问题
I have a site that wraps some user-generated content, and I want to be able to separate the markup for the layout, and the markup from the user-generated content, so the u-g content can't break the site layout.
The user-generated content is trusted, as it is coming from a known group of users on my network, but nonetheless only a small subset of html tags are allowed (p, ul/ol/li, em, strong, and a couple more). However, the user-generated content is not guaranteed to be well-formed, and we have had some instances of malformed user-generated content breaking the layout of the site.
We are working with our users to keep the content well-formed, but in the meantime I am trying to find a good way to separate the content from the layout. I have been looking into namespaces, but have been unable to find good documentation about CSS support for embedded namespaces.

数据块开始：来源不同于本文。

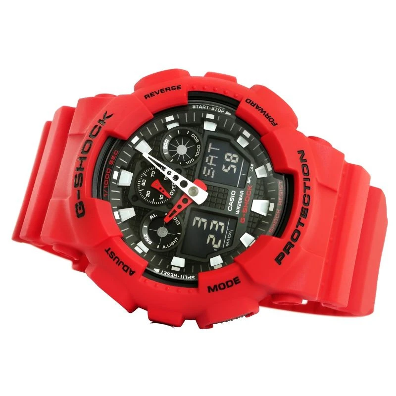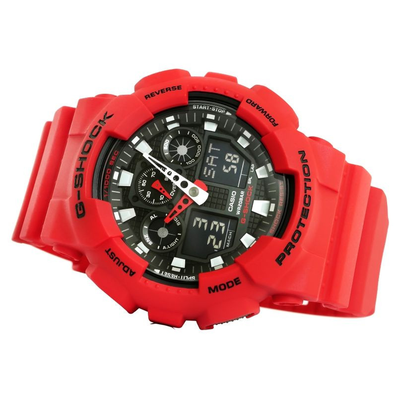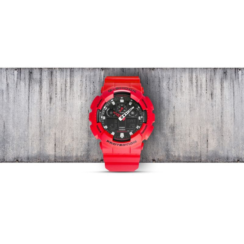 Pánské hodinky CASIO G-SHOCK GA-100B-4AER jsou vybaveny těmito funkcemi: Stopky, Alarmx5, Budík. Datum. Podsvícení - k osvětlení těchto hodinek slouží LED dioda, která tlumeným i jasným světlem dostatečně osvětlí ciferník. Světový čas, čtení různých časových pásem. Automatický kalendář s předprogramovanými daty až do roku 2099, v případě kratších měsíců si hodinky datum upraví samy. Časovač 1/10 - s. Hodinky jsou vybaveny funkcí odpočítávání, nastavitelnou od 1 s do 24 hodin.

Anyone have any good ideas?
EDIT
I have seen some really good suggestions here, but I should probably clarify that I have absolutely no control over the input mechanism that the users use. They are entering content into one system, and my page uses that system's API to pull content out of it. That system is using TinyMCE, but like I said, we are still getting some malformed content.
回答1:
Maybe overkill, but HTML Tidy could help if you can use it.
Use a WYSIWYG like TinyMCE or CKEditor that has built in cleanup methods.
Robert Koritnik's suggestion to use markdown seems brilliant, especially considering that you only allow a few harmless formatting tags.
I don't think there's anything you can do with CSS to stop layouts from breaking due to open HTML tags, so I would probably forget that idea.
回答2:
Why not use markdown
If your users are HTML literate or people that can grasp the concept of markdown syntax I suggest you rather go with that. Stackoverflow works great with it. I can't imagine having a usual rich editor on Stackoverflow. Markdown editors are much simpler and faster to use and provide enough formatting capabilities for most situations. If you need some special additional features you can always add those in but for starters oute of the box capabilities will suffice.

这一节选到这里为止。